Już niedługo Traore razem z Ljuboją w jednej drużynie? Nie za ciasno?

Marek Koktysz
Ljuboja namawiał Traore na przejście do Legii?
Ljuboja namawiał Traore na przejście do Legii? Jacek Czaplewski/Ekstraklasa.net
Temat transferu Abdou Razacka Traore do Legii Warszawa ponownie przybrał na sile. Szczególnie, że coraz więcej wskazuje na to, iż obie strony zaczynają powoli zimowe ruchy transferowe...

- To gwiazda naszej Ekstraklasy i nie ukrywam, że interesujemy się tym piłkarzem - otwarcie przyznał na antenie TVP Marek Jóźwiak, jeden z dyrektorów Legii, właśnie do spraw transferów.

Jest to znaczny ruch ze strony włodarzy warszawskiego klubu po tym, jak nasiliły się plotki dotyczące przenosin gwiazdy gdańskiej Lechii do Warszawy. Nabrały one szczególnej prędkości w rozchodzeniu się po meczu Wojskowych na PGE Arenie, po którym Danijel Ljuboja - najlepszy strzelec ekstraklasy - rozmawiał z Traore - drugim najlepszym strzelcem ekstraklasy - za szklanymi drzwiami. Ludzie szybko zaczęli dorabiać do fotografii historię, jakoby Serb przekonywał reprezentanta Burkina Faso do przenosin na Pepsi Arene.

Następnie głos zabrała osoba bezpośrednio związana z obecną Legią, a zatem Jóźwiak. Z kolei na dniach okazało się, że Lechia testować będzie nowego napastnika. Nota bene jest to zawodnik, którego polecił Bogusławowi Kaczmarkowi sam Abdou Razack Traore! Piłkarzem tym jest niejaki John Wilfried Siessima Karambiri, 21-latek z Akademii Piłkarskiej w Burkina Faso. Czyżby zatem Lechia już szukała dla swojego asa zastępcy? Na dodatek wychodzi na to, że Gdańszczanie chcieliby zastąpić Traore jego kopią - ten sam kraj, ta sama pozycja i dodatkowo z polecenia!

Ljuboja i Traore w jednym zespole - zabójczy duet czy konflikt indywidualności?
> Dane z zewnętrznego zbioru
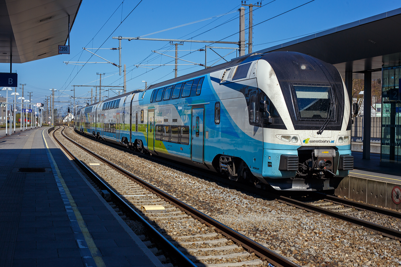 Die Stadler Eea 936 133-8 fährt mit einem sechsteiligen Westbahn "Kiss 2" auf dem Weg in Richtung St. Margrethen in Rheineck durch.
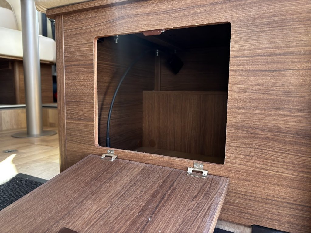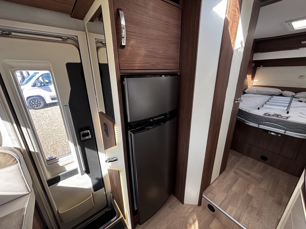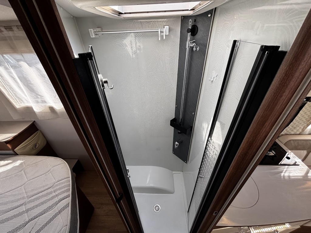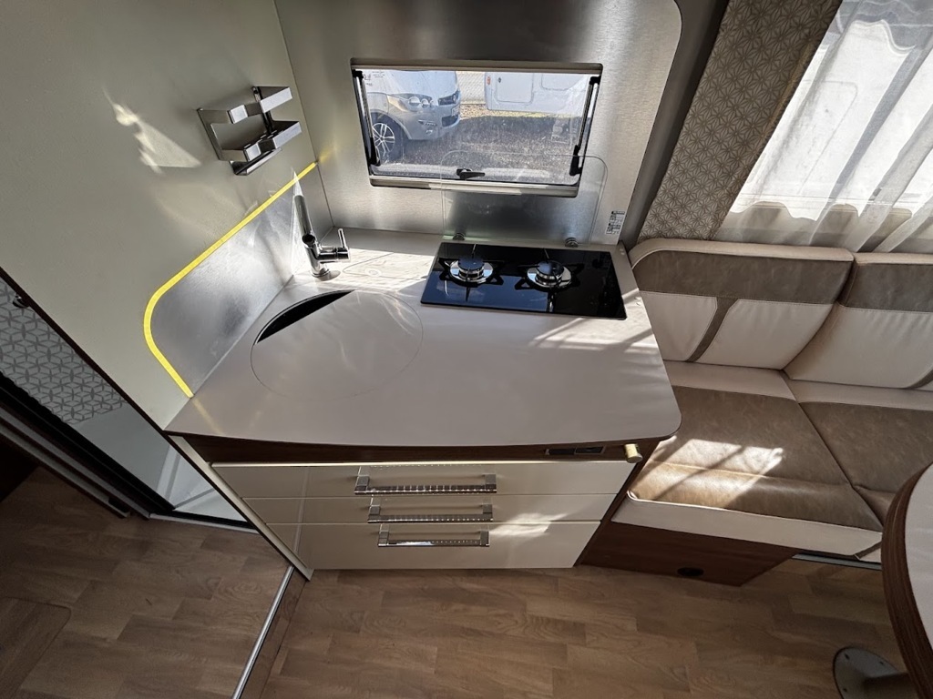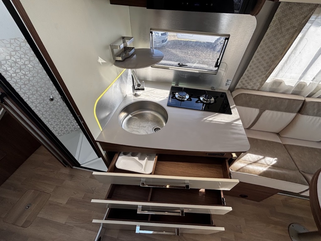 - Disposition : Cuisine en L, Douche indépendante, Lit central, lit pavillon, Salon avant sièges pivotants, Salon en L, WC Cassette
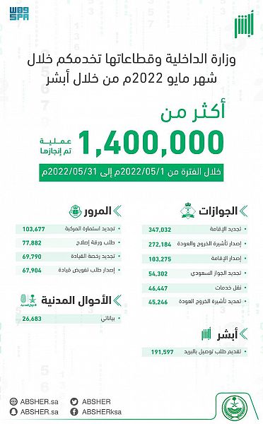 حققت وزارة الداخلية عبر منصتها الإلكترونية “أبشر” في شهر مايو الماضي من عام 2022م، العديد من الإنجازات عبر حلولها الرقمية، التي أسهمت في رفع جودة الحياة للمواطنين والمقيمين والزوار وسهلت الوصول إلى أكثر من (350) خدمة مقدمة، حيث وصل إجمالي العمليات التي نفّذها المستفيدون من “أبشر” إلى أكثر من (1,400,000)، وذلك في خدمات “تجديد الإقامة، وإصدار تأشيرة الخروج والعودة، وإصدار الإقامة، وتجديد الجواز السعودي، ونقل خدمات، وتمديد تأشيرة الخروج والعودة، وتجديد استمارة المركبة، وطلب ورقة إصلاح، وتجديد رخصة القيادة، وإصدار طلب تفويض قيادة، وتقديم طلب توصيل بالبريد وبياناتي”.
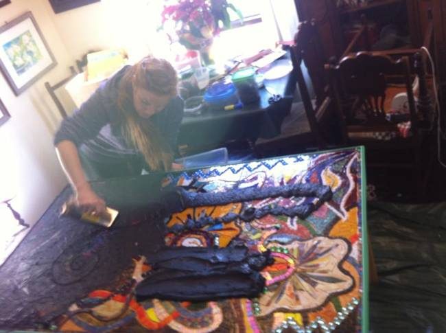 Сначала девушка промазала клеем для дерева все трещины и составные части стола
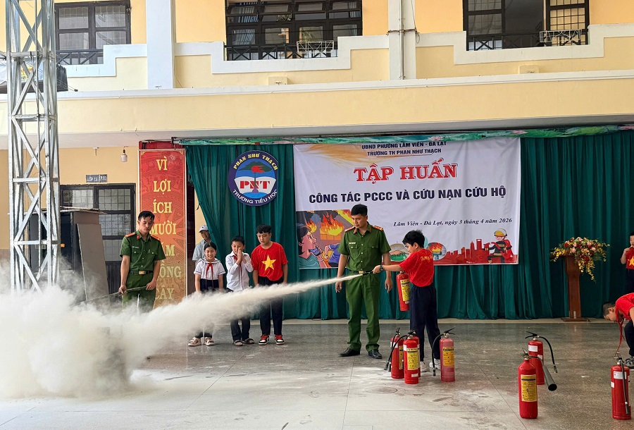 Tuyên truyền, tập huấn công tác PCCC và CNCH cho cán bộ, giáo viên và học sinh Trường Tiểu học Phan Như Thạch
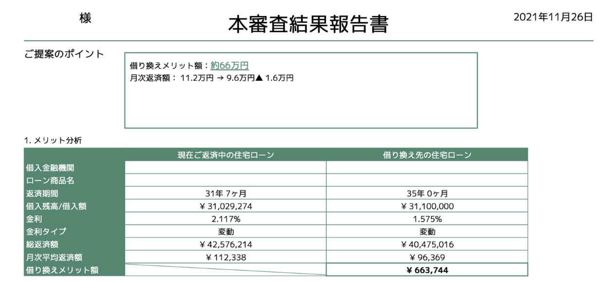 今回2.117%の金利から1.575%の金利に削減できただけでなく、3年5ヶ月の期間延長も実現されています。

Nie ma wątpliwości co do tego, że jeden i drugi są piłkarzami wybitnymi, jak na rzeczywistość polskiej piłki nożnej. Ljuboja, pomimo "swoich lat" prezentuje wysoką formę, jest najskuteczniejszym strzelcem ligi i dysponuje nienaganną techniką. Traore przeżywa obecnie swój najlepszy sezon w karierze, jest motorem napędowym Lechii, rozbraja linię defensywy przeciwnika jak saper miny i potrafi w zasadzie w pojedynkę wygrać mecz. Jak na warunki naszej ekstraklasy mieć takich dwóch piłkarzy w jednym zespole, to skarb. Ale czy na pewno?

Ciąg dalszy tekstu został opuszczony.